# GOAL OF THE EXERCISE:
Set down, character for character, everything in the records below from the line holding "長瀬産業のコーポレートサイトでEAGLYS ALCHEMISTA、EAGLYS ALCHEMISTA" down to the line holding "Our sporty One", and no other line.

# INFORMATION PROVIDED:

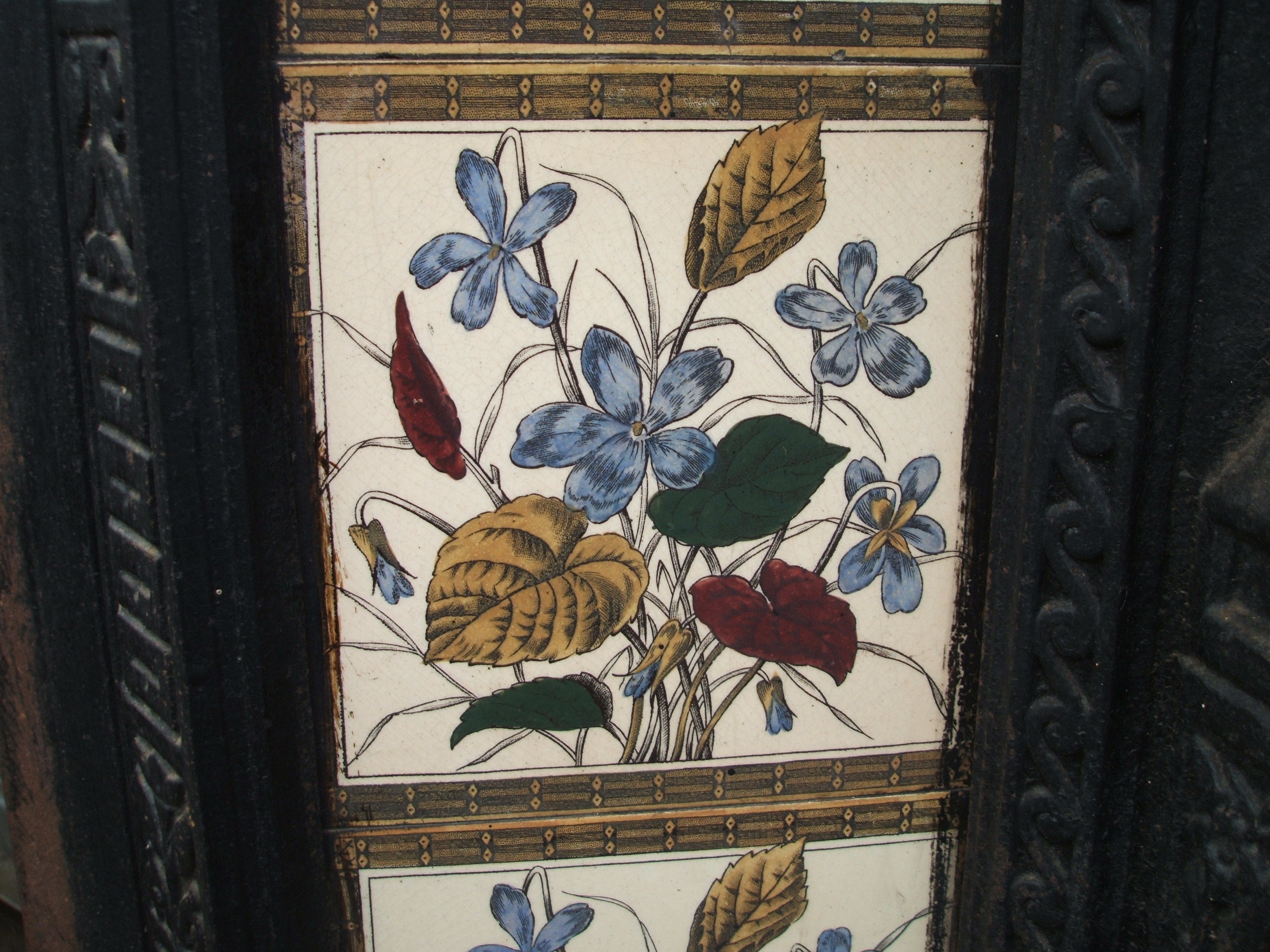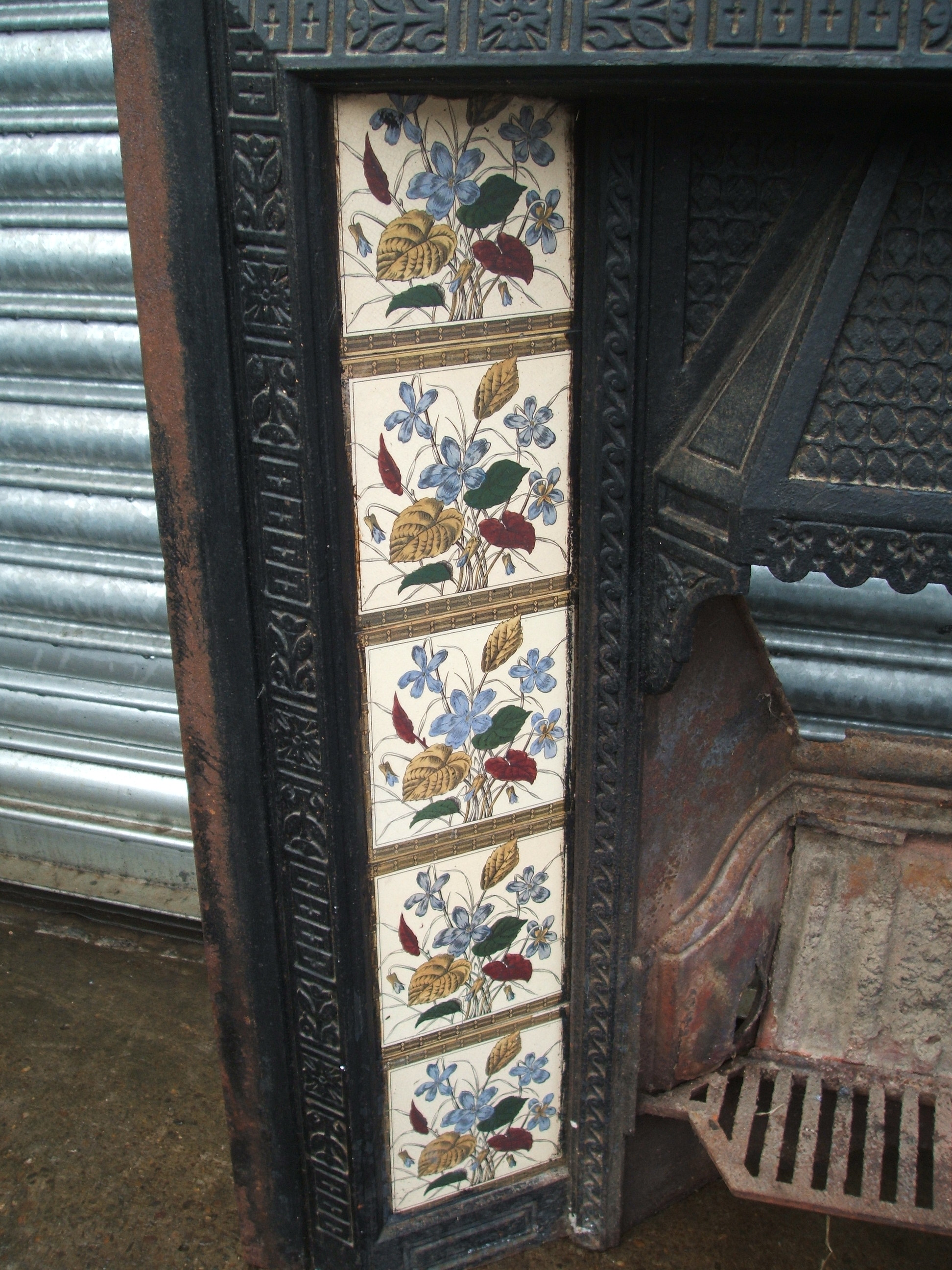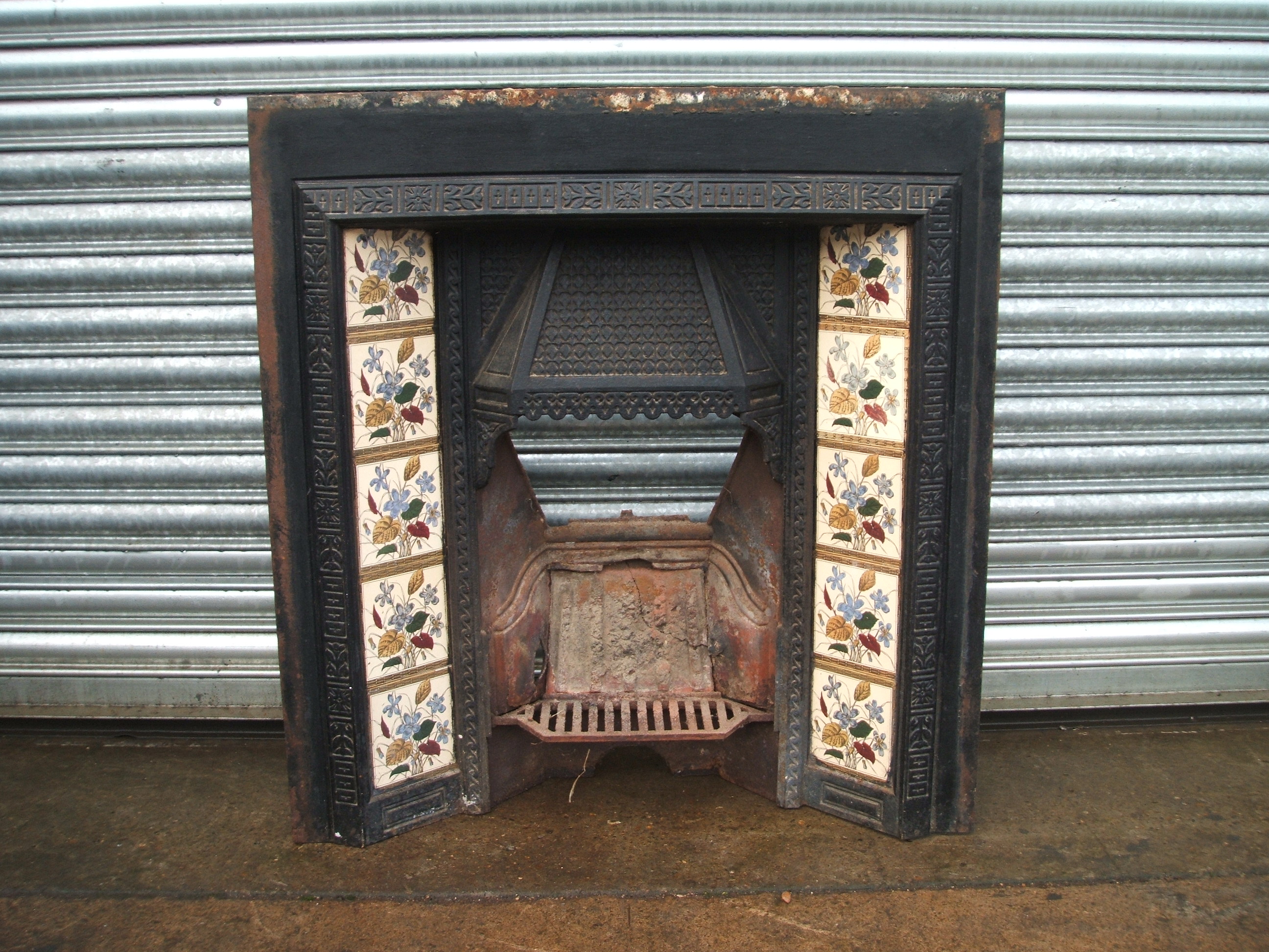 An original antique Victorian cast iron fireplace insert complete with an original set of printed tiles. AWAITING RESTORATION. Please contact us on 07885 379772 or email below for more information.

---

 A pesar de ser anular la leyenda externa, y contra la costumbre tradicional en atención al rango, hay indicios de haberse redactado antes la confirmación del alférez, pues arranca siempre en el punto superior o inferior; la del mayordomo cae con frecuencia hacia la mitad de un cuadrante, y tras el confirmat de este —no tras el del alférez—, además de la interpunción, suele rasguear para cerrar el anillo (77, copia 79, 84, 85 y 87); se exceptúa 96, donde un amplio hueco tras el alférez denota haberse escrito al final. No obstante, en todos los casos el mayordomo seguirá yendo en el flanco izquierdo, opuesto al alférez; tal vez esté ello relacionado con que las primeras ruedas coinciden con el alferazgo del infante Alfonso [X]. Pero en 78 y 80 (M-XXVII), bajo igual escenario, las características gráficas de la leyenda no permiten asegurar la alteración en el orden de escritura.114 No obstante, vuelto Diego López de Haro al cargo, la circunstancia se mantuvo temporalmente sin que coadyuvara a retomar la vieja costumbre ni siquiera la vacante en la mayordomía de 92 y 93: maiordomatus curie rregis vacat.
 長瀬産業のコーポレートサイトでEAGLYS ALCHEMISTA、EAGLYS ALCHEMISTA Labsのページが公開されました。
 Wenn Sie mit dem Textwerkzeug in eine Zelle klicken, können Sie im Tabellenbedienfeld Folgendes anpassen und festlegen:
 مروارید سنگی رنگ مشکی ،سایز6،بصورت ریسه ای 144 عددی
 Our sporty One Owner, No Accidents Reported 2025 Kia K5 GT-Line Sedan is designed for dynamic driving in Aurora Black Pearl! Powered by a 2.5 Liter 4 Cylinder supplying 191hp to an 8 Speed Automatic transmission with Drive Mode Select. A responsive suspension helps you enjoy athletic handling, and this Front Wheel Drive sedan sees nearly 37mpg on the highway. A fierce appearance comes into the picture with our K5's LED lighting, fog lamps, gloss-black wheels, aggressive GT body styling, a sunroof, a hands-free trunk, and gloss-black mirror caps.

# ANSWER:
 長瀬産業のコーポレートサイトでEAGLYS ALCHEMISTA、EAGLYS ALCHEMISTA Labsのページが公開されました。
 Wenn Sie mit dem Textwerkzeug in eine Zelle klicken, können Sie im Tabellenbedienfeld Folgendes anpassen und festlegen:
 مروارید سنگی رنگ مشکی ،سایز6،بصورت ریسه ای 144 عددی
 Our sporty One Owner, No Accidents Reported 2025 Kia K5 GT-Line Sedan is designed for dynamic driving in Aurora Black Pearl! Powered by a 2.5 Liter 4 Cylinder supplying 191hp to an 8 Speed Automatic transmission with Drive Mode Select. A responsive suspension helps you enjoy athletic handling, and this Front Wheel Drive sedan sees nearly 37mpg on the highway. A fierce appearance comes into the picture with our K5's LED lighting, fog lamps, gloss-black wheels, aggressive GT body styling, a sunroof, a hands-free trunk, and gloss-black mirror caps.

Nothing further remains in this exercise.